In this paper we use TensorFlow to achieve a deep learning model used to implement the process of verification code identification, where identification verification code is CAPTCHA, first of all we will use the data to train a good label model, and then use the model to achieve the verification of the identification code.

1. verification code ready

Here we use python library to generate a captcha to this library is not installed by default, so here we need to install the library, and we also need to install the pillow library

1

After installing, we can come to generate a simple graphical codes with the following code

1

1

Can be seen in the figure is the content of the text we have defined, so that we can get a real picture and its corresponding text, then we can use it to generate a number of training data and the test data.

2. Pretreatment

Before training is certainly to data preprocessing, and now we first defined the verification code text to be generated, which is equivalent to already have a label, and then we re-use it to generate verification codes, you can get input x data, and here we first defined the input of our vocabulary, because the uppercase and lowercase letters plus numbers of relatively large vocabulary, imagine that we use this code contains uppercase and lowercase letters and numbers of a four-character code verification, a total of possible combinations is (26 + 26 + 10) ^ 4 = 14,776,336 kinds of combinations, the number of training up a bit big, so here we streamlined look, using only pure digital code to train, so the number of combinations becomes 10 ^ 4 = 10000 species, apparently a lot less.

So here we define a vocabulary and its length variables:

1

Here VOCAB vocabularies is the content, i.e., 0 to 9 of these 10 figures, i.e., character code verification CAPTCHA_LENGTH number is 4, length is a length VOCAB vocabulary, i.e., 10.

Next we define a method for generating a verification code data, the process similar to the above, but here we will return the data into the form of an array Numpy:

1

So call this method, we can get a Numpy array, this in fact is converted into the code of each pixel RGB, what we call this method to try:

1

It reads as follows:

1

可以看到它的 shape 是 (60, 160, 3),这其实代表验证码图片的高度是 60,宽度是 160,是 60 x 160 像素的验证码,每个像素都有 RGB 值,所以最后一维即为像素的 RGB 值。

接下来我们需要定义 label,由于我们需要使用深度学习模型进行训练,所以这里我们的 label 数据最好使用 One-Hot 编码,即如果验证码文本是 1234,那么应该词表索引位置置 1,总共的长度是 40,我们用程序实现一下 One-Hot 编码和文本的互相转换:

1

这里 text2vec() 方法就是将真实文本转化为 One-Hot 编码,vec2text() 方法就是将 One-Hot 编码转回真实文本。

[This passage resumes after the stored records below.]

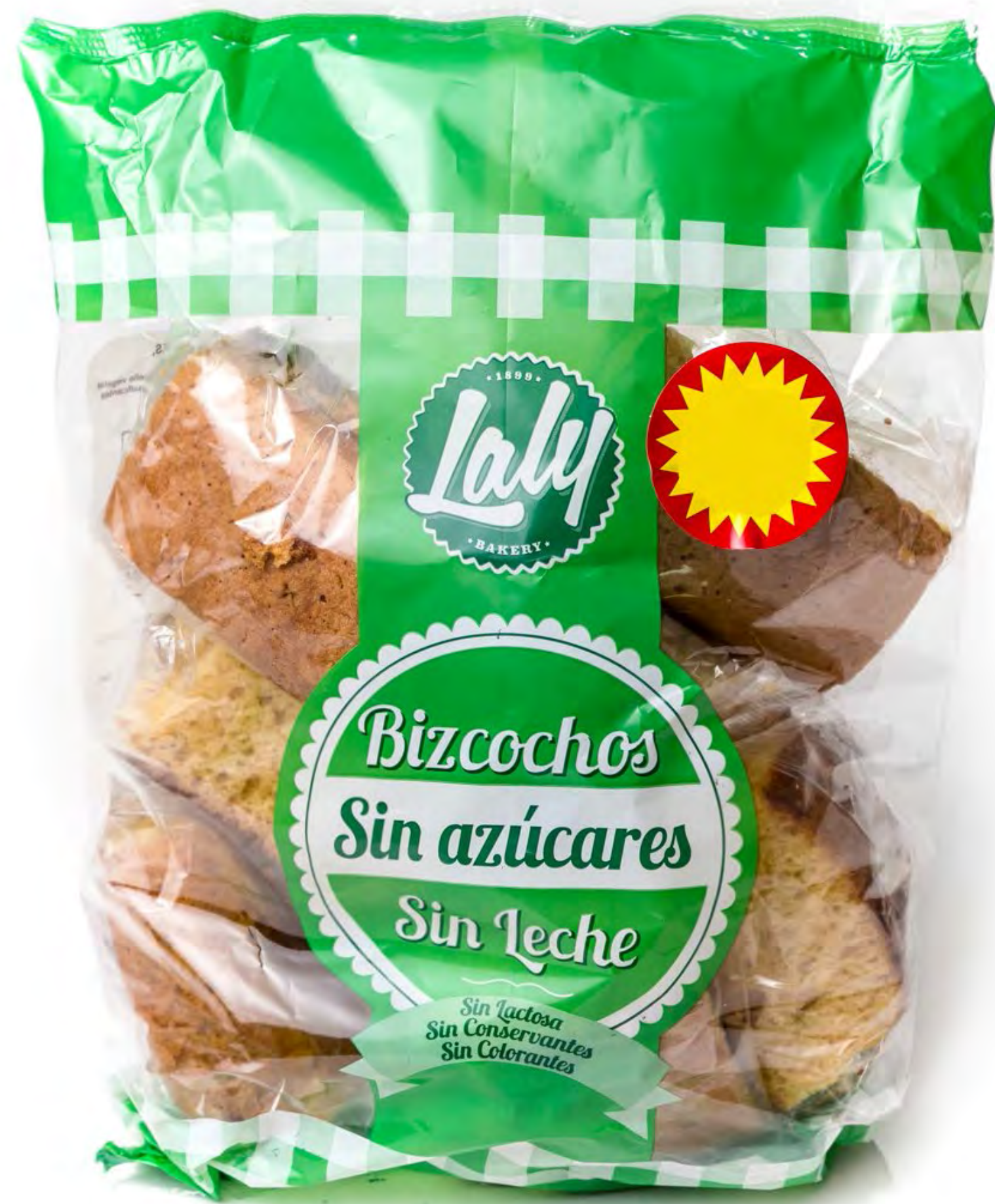
Bolsón Bizcochos S/A SIN LACTOSA 10 uds/caja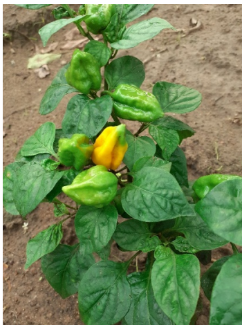
Planta de balancong

Este año y gracias a la ayuda recibida de la ONG EDIFICANDO, aparte del reto de plantación de 1000 árboles al año, han puesto en marcha una campaña de sensibilización regalando un arbolito a cada niño que nazca en el centro de salud de Tami.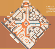
СХЕМА ПЕШЕХОДНОГО ДВИЖЕНИЯ ПОСЕЛКА

ТЕМА: ПРЕОБРАЗОВАНИЕ И РАЗВИТИЕ ГОРОДА ЗАВАРЕХ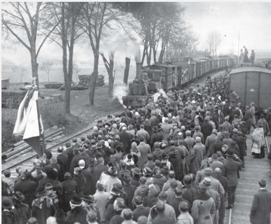
Příjezd vlaku s třícátníky na nádraží ve Vysokém Mýtě, listopad 1918.

Spisovatel, jehož jméno pluk od 28. dubna 1929 nesl, je na naší desce nazván mistrem. Dnes je vnímán spíš kontroverzně, vždyť historie, kterou předkládal, je často jen autorovou fantazií a mýtem. Ale lidé, kteří jeho knihy tenkrát četli, se ideálům těchto mýtů dokázali přiblížit. Jejich vlastenectví nebylo jen rvaním hololebých rváčů, byl to výraz s obsahem a hodnotou. Díky tomu se Československo nestalo pouhou několikaměsíční epizodou dějin, ale státem, který těžké situaci dokázal čelit s odvahou a nadějí až do poslední chvíle.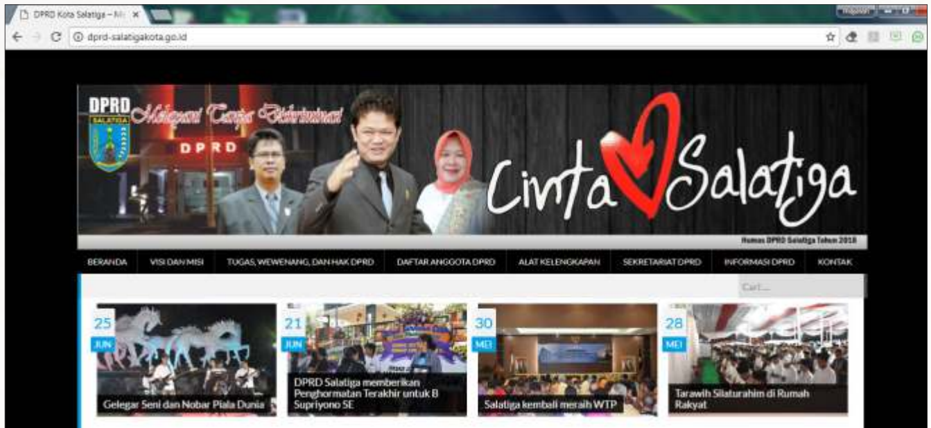
Situs/website resmi DPRD Kota Salatiga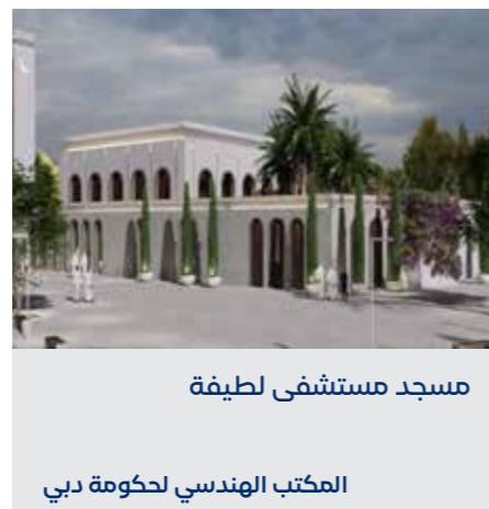
مسجد مستشفى لطيفة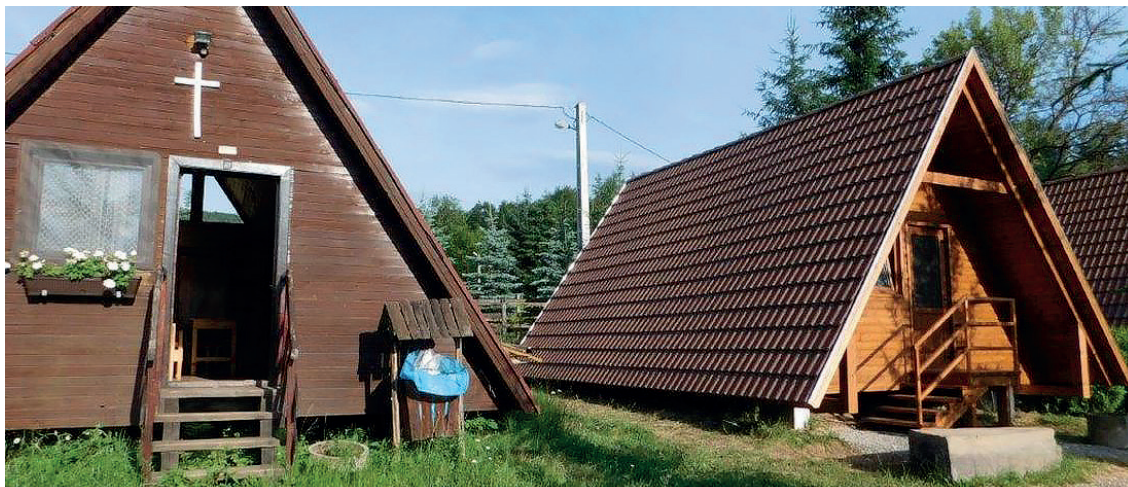
Beispiel eines alten und neuen Häuschens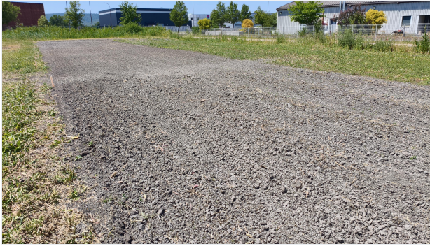
Prima del lavoro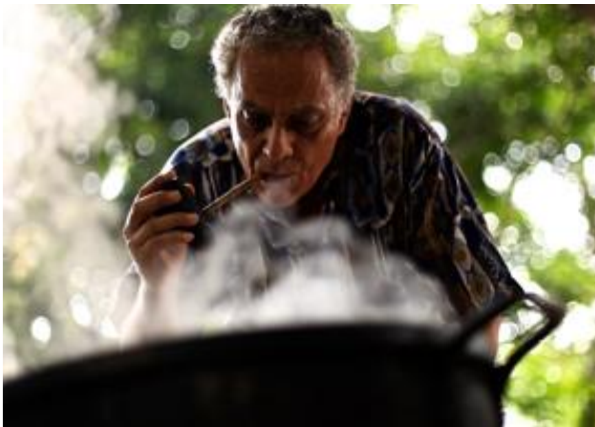
En la preparación de ayahuasca

no pasa por los libros, es una comprensión que no es intelectual, conceptual, sino a partir del cuerpo, de la vivencia propia, sino quedará como una elaboración mental más o menos sofisticada. Más y más científicos de alto nivel se atreven a reclamar este cambio de paradigma como los que suscribieron al Manifiesto para una Ciencia Post-Materialista (ver http://opensciences.org/ ).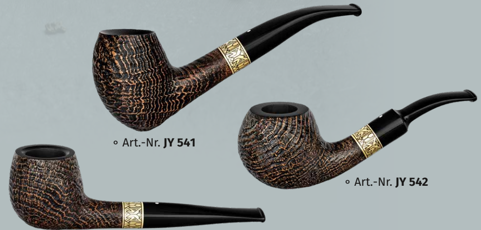
◦ Art.-Nr. JY 541

例如这里调用一下这两个方法,我们将 1234 文本转换为 One-Hot 编码,然后在将其转回来:

1

这样我们就可以实现文本到 One-Hot 编码的互转了。

接下来我们就可以构造一批数据了,x 数据就是验证码的 Numpy 数组,y 数据就是验证码的文本的 One-Hot 编码,生成内容如下:

1

1

这里我们定义了一个 getrandomtext() 方法,可以随机生成验证码文本,然后接下来再利用这个随机生成的文本来产生对应的 x、y 数据,然后我们再将数据写入到 pickle 文件里,这样就完成了预处理的操作。

3.构建模型

有了数据之后,我们就开始构建模型吧,这里我们还是利用 traintestsplit() 方法将数据分为三部分,训练集、开发集、验证集:

1

接下来我们使用者三个数据集构建三个 Dataset 对象:

1

然后初始化一个迭代器,并绑定到这个数据集上:

1

接下来就是关键的部分了,在这里我们使用三层卷积和两层全连接网络进行构造,在这里为了简化写法,直接使用 TensorFlow 的 layers 模块:

1

这里卷积核大小为 3,padding 使用 SAME 模式,激活函数使用 relu。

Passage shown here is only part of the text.